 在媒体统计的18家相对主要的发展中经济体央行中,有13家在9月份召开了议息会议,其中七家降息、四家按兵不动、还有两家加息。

-=-=-=-=-

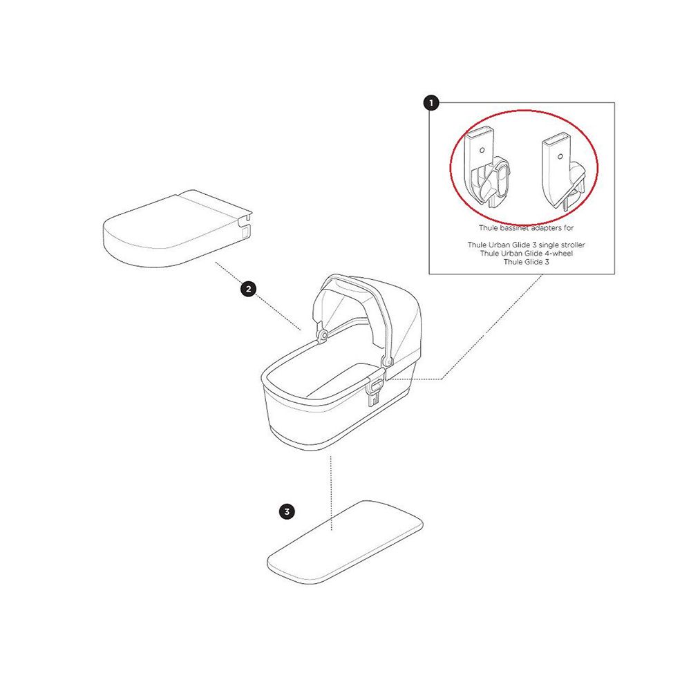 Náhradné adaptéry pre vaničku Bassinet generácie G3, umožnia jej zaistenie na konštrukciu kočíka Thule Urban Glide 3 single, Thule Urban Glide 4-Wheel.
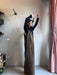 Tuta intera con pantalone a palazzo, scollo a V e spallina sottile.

-=-=-=-=-

> [WHAT IS EXPECTED]
Only one stretch of the listing above is to be duplicated: the lines from the one containing "Náhradné adaptéry pre" through the one containing "Tuta intera con", both included. Copy them exactly, minus the pictures.

> [RESULT BELOW]
 Náhradné adaptéry pre vaničku Bassinet generácie G3, umožnia jej zaistenie na konštrukciu kočíka Thule Urban Glide 3 single, Thule Urban Glide 4-Wheel.
 Tuta intera con pantalone a palazzo, scollo a V e spallina sottile.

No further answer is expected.